During the transfer phase, a source-language group assignment is converted to an assignment of target-language groups. In this process some target-language items are assigned grammatical features on the basis of agreement constraints. For example, in the translation of the English sentence the mayor passes the buck, the Spanish verb that is the head of the group escurrir_el_bulto would be assigned the tense (tiempo), person and number features {tmp=prs, prs=3, num=1}: escurre. A source-language group may have more than one translation. The transfer phase creates a separate target-language group assignment for each combination of translations of the source-language groups.

During the realization phase, for each target-language group assignment, surface forms are generated based on the lexemes and grammatical features that resulted from the transfer phase. This is accomplished either through a dedicated morphological generator for the target language or a dictionary that maps target-language lexemes and feature sets to surface forms. Finally, target-language words are sequenced in a way that satisfies word-order conditions in target-language groups. The sequencing process is implemented with constraint satisfaction.

Related work

Our goals are similar to those of the Apertium project.6 As with Apertium, we are developing open-source, rule-based systems for MT, and we work within the framework of relatively shallow, chunking grammars. We differ mainly in our willingness to sacrifice linguistic coverage to achieve our goals of flexibility, robustness, and transparency. We accommodate a range of lexical-grammatical possibilities, from the completely lexical on the one extreme to phrasal units consisting of a single lexeme and one or more syntactic/semantic categories on the other, and we are not so concerned that MDT grammars will accept many ungrammatical source-language sentences or even output ungrammatical (along with grammatical) translations.

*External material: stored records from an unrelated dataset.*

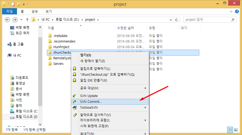 SVN Commit을 클릭했습니다.
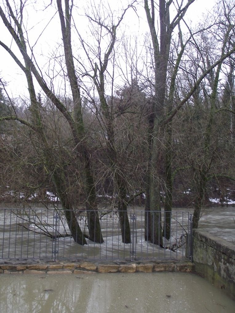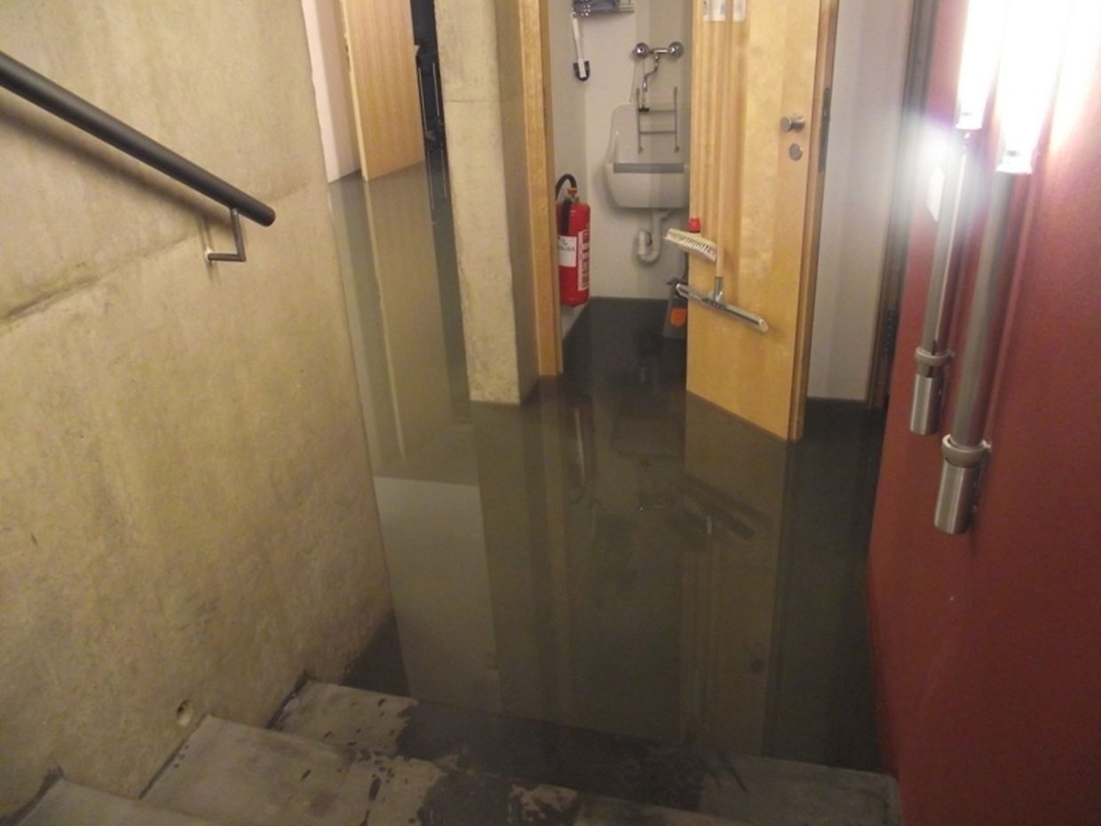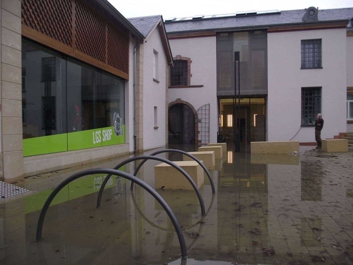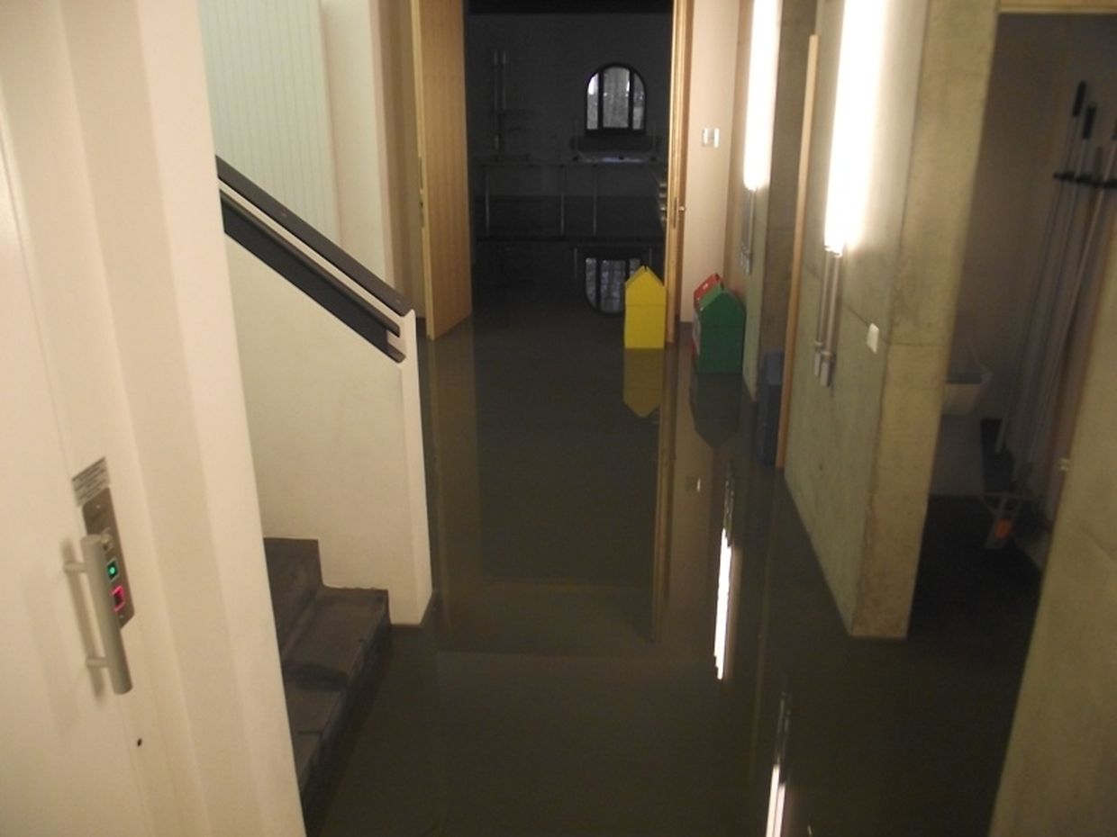 Wei een op de Fotoen vun erkenne kann, ass d'Waasser nett virun der Dier stoe bliwwen. De Scoutszenter stung de Moien ënner Waasser. Schued wir dobai awer su gut wi keen geschitt mengt den Tom Biwer, deen am Zenter schafft.
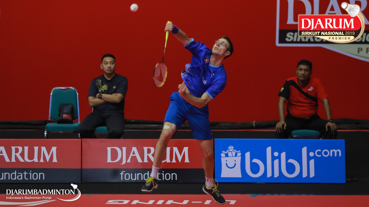 Dominic Jan Tripet (Swiszterland) menyambut shuttlecock
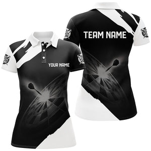 Black White Personalized Womens Darts Polo Shirt Custom Dart Shirts For Women Dart Jerseys LDT1395
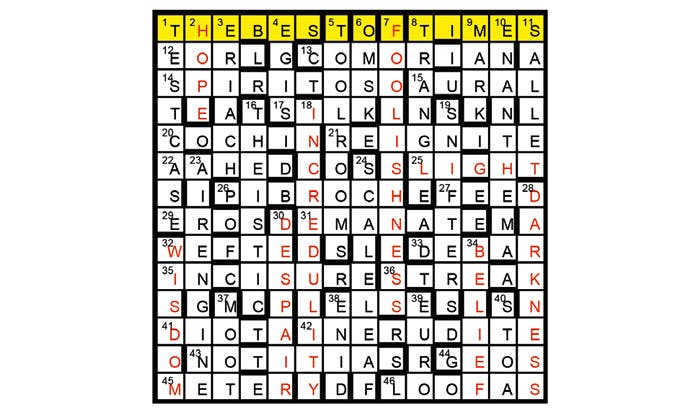 Unclued lights (in red) are the characteristics of ‘the period’, from the opening sentence of A Tale of Two Cities. The highlighted words are part of the same quote, appropriately occupying the first line of the grid.
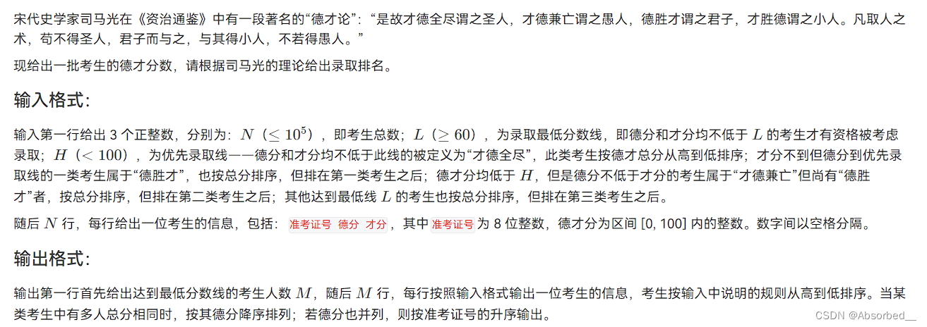3.开始我的想法是用一个结构体数组,直接全部排序,但是这个题目里有两个排序条件,一个是德分一个是才分,所以这个种思路是很难排序的,
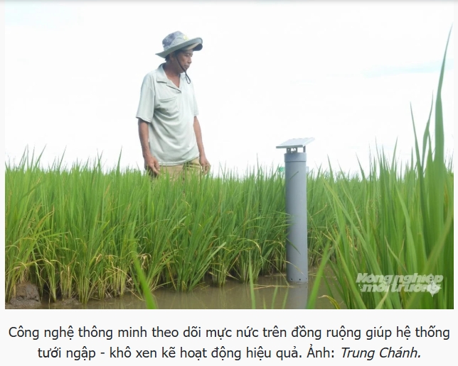 Nhiều cánh đồng tại An Giang còn được trang bị hệ thống tưới thông minh theo kỹ thuật ngập - khô xen kẽ (AWD), ruộng lúa được theo dõi mực nước, độ ẩm… thông qua cảm biến. Khi ruộng đủ khô theo ngưỡng định sẵn, máy bơm sẽ tự động được kích hoạt, tránh tưới ngập thường xuyên.
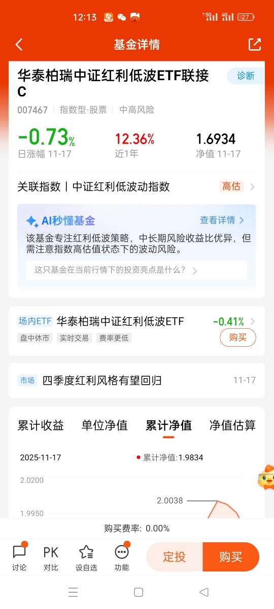 市场这波波动把人吓得不轻,之前追热点赚的那点钱,现在都悬着心。四季度了,得找个稳当的方式守住收益。华泰柏瑞的产品跟踪的是红利低波指数,这个指数的成分股分红稳定,波动也小,正好符合现在的需求,能让人把今年的收益保住。$华泰柏瑞中证红利低波ETF联接C$ #华为将发布AI领域的突破性技术#
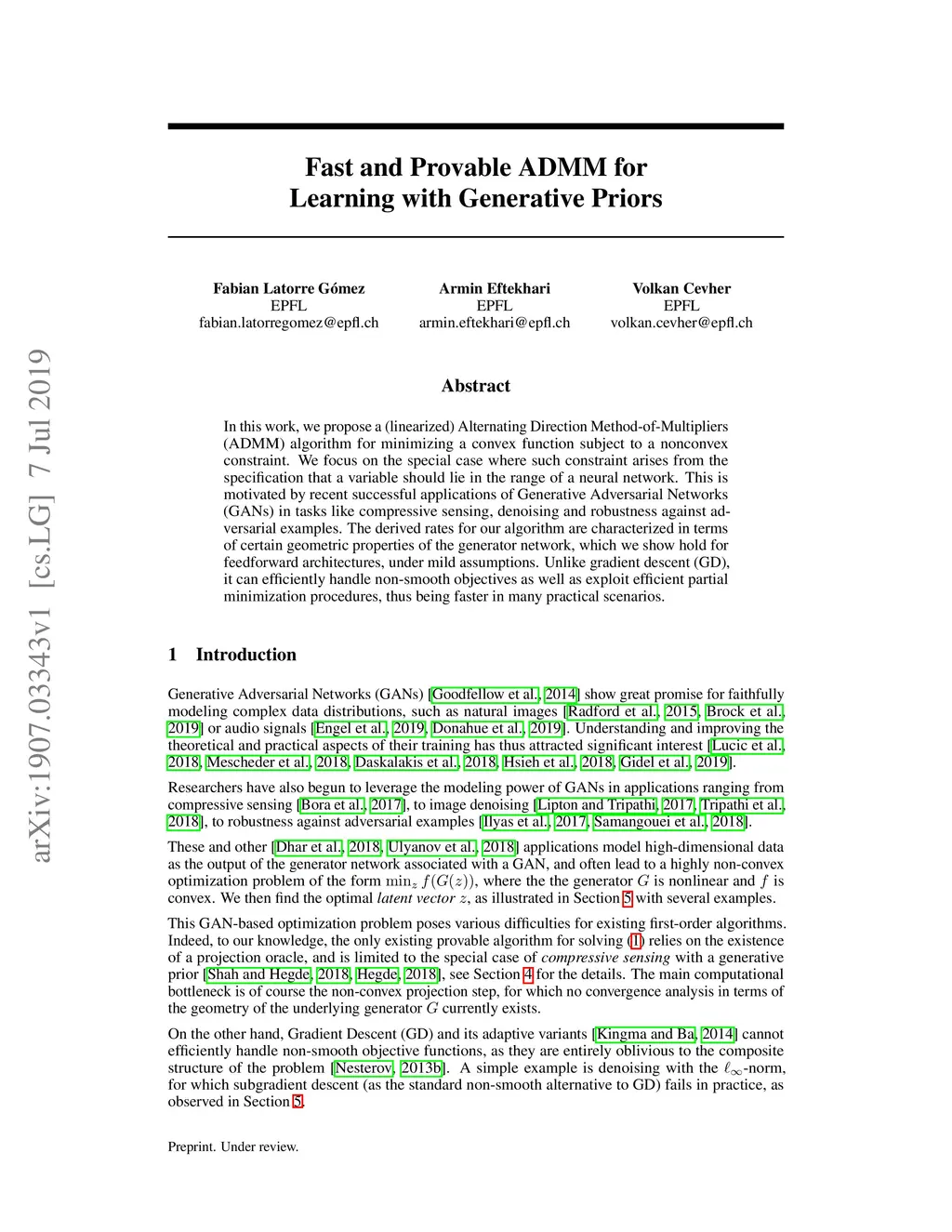 Fast and Provable ADMM for Learning with Generative Priors

In terms of long-term goals, MDT also resembles the Expedition project,7 which makes use of knowledge acquisition techniques and naive monolingual informants to develop MT systems that translate low-resource languages into English. Our project differs first, in assuming bilingual informants and second, in aiming to develop systems that are unrestricted with respect to target language. In fact we are more interested in MT systems with low-resource languages as target languages because of the lack of documents in such languages.

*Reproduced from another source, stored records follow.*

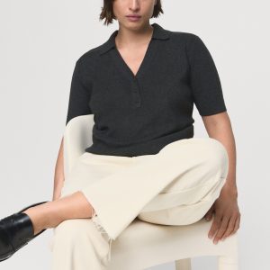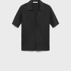 Crafted from fine-knit fabric, this tailored design features a buttoned shirt collar and short sleeves. Available in Plus Size
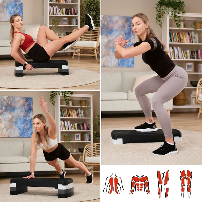 Cvičebný schodík s rozmermi 78 x 30 cm skvele zapadne do každého priestoru a nebude robiť problémy ani v malej garsónke. Vďaka kompaktnej veľkosti je uloženie stúpadla jednoduché a pohodlné a jeho všestrannosť umožňuje vykonávať mnoho druhov tréningu, ako je kardio, posilňovanie svalov nôh, zadku alebo intervalový tréning.
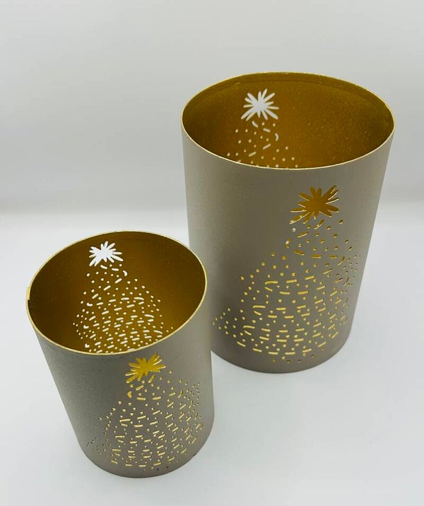 De verfijnde uitsnijdingen in de vorm van een kerstboom laten het kaarslicht prachtig doorschijnen en zorgen voor een zacht, sfeervol lichtspel.
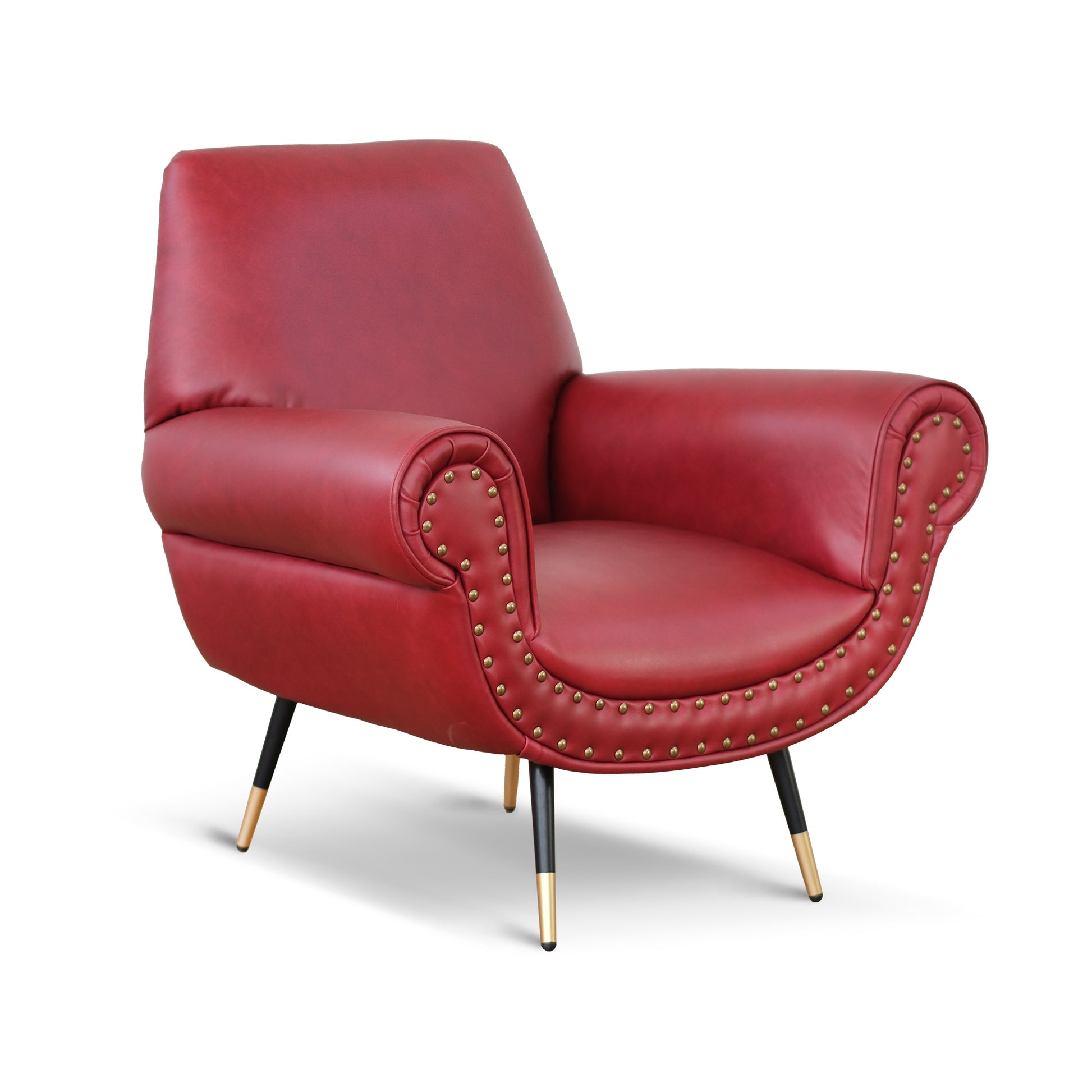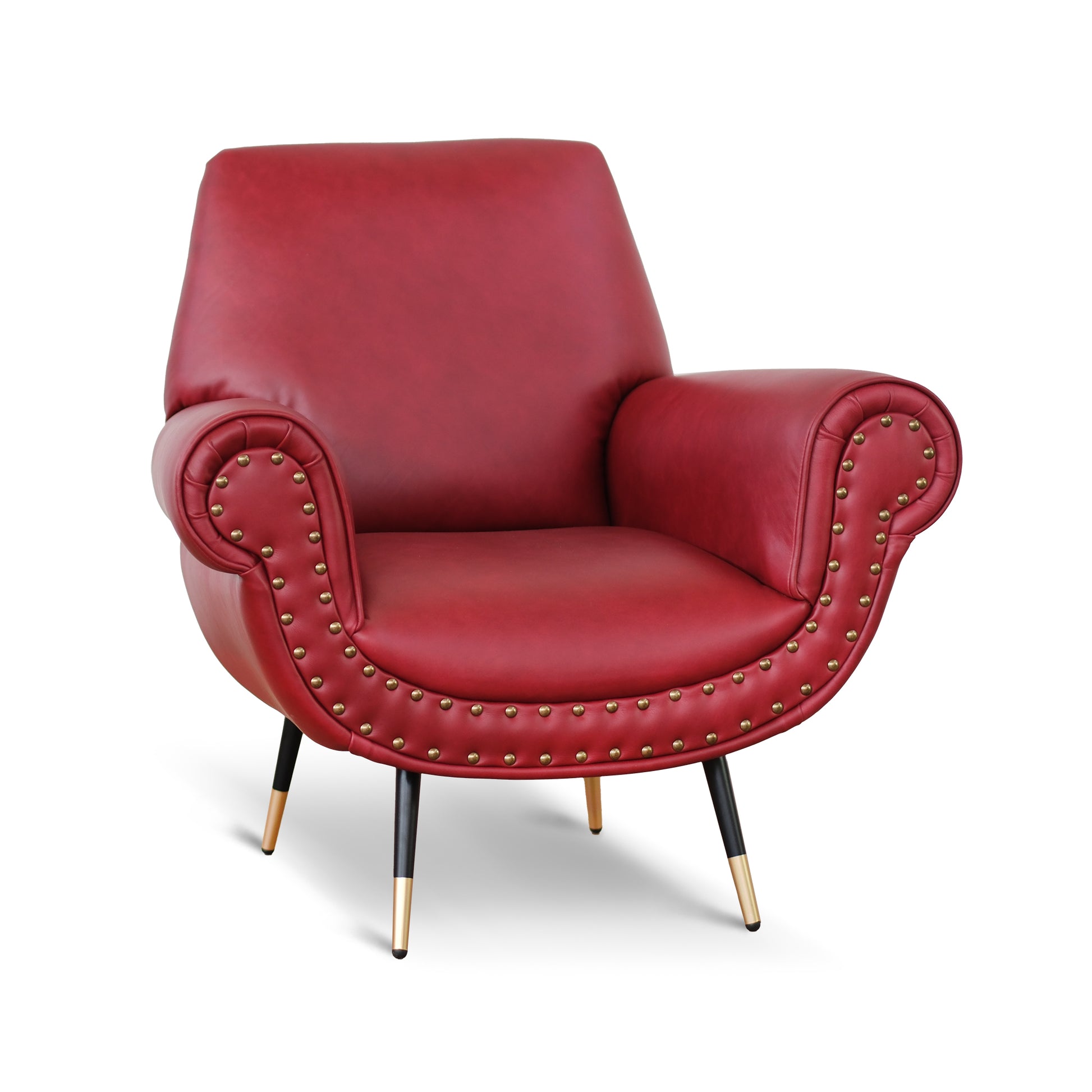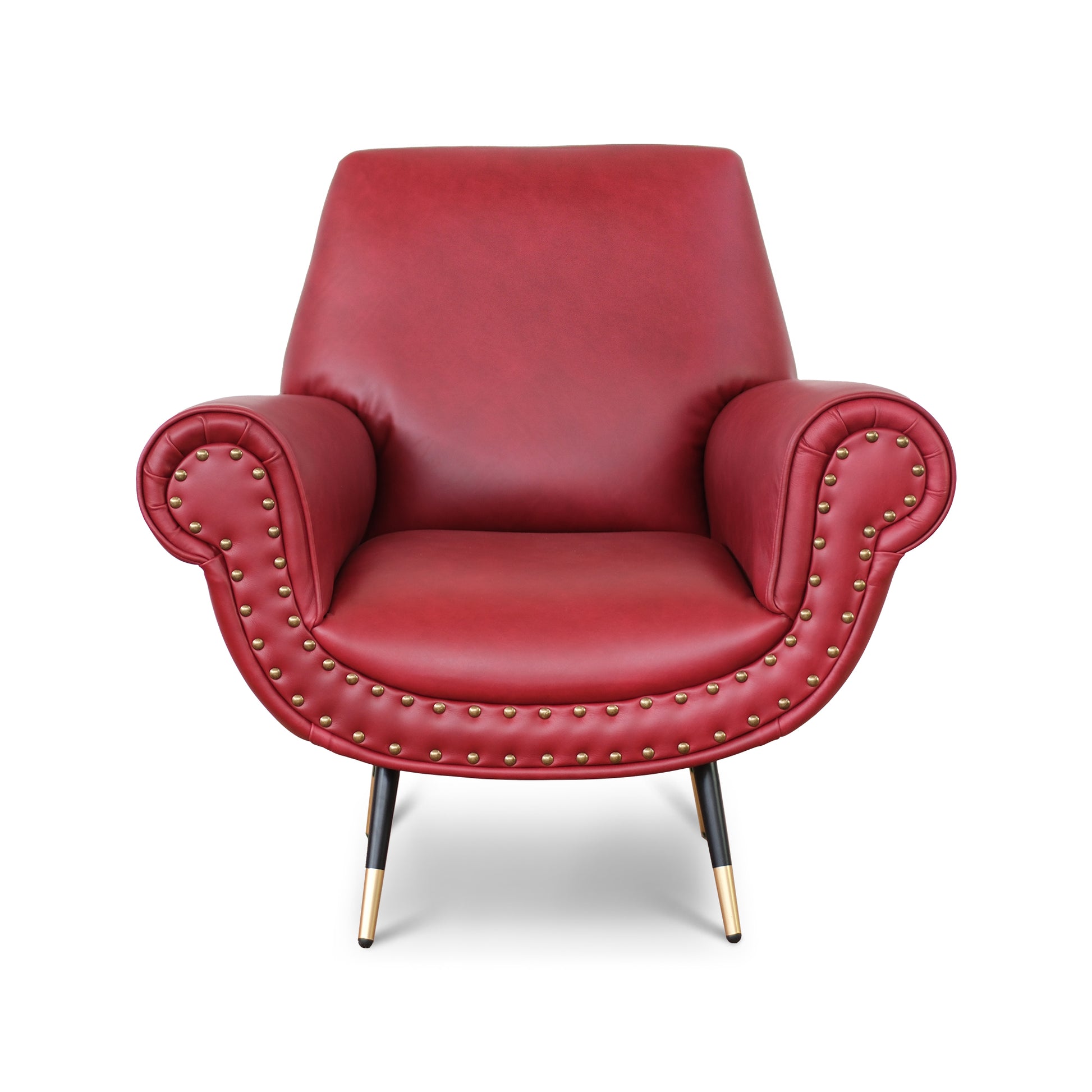 Fauteuil design vintage Vico en cuir grainé pull up rouge cerise avec clous vieillis et pieds noirs et laiton

Although MDT is not intended as a linguistic theory, it is worth mentioning which theories it has the most in common with. Like Construction Grammar8 and Frame Semantics,9 it treats linguistic knowledge as essentially phrasal. Like synchronous context-free grammar (SCFG)10, it associates multi-word units in two languages, aligning the elements of the units and representing word order within each. MDT differs from SCFG in having nothing like rewrite rules or non-terminals. MDT belongs to the family of dependency grammar (DG) theories because the heads of its phrasal units are words or lexemes rather than non-terminals. It shares most with those computational DG theories that rely on constraint satisfaction.5,11,12,13 However, it remains an extremely primitive form of DG, permitting only flat structures with unlabeled arcs and no relations between groups other than through the merge operation described above. This means that complex grammatical phenomena such as long-distance dependencies and word-order variability can only be captured through specific groups.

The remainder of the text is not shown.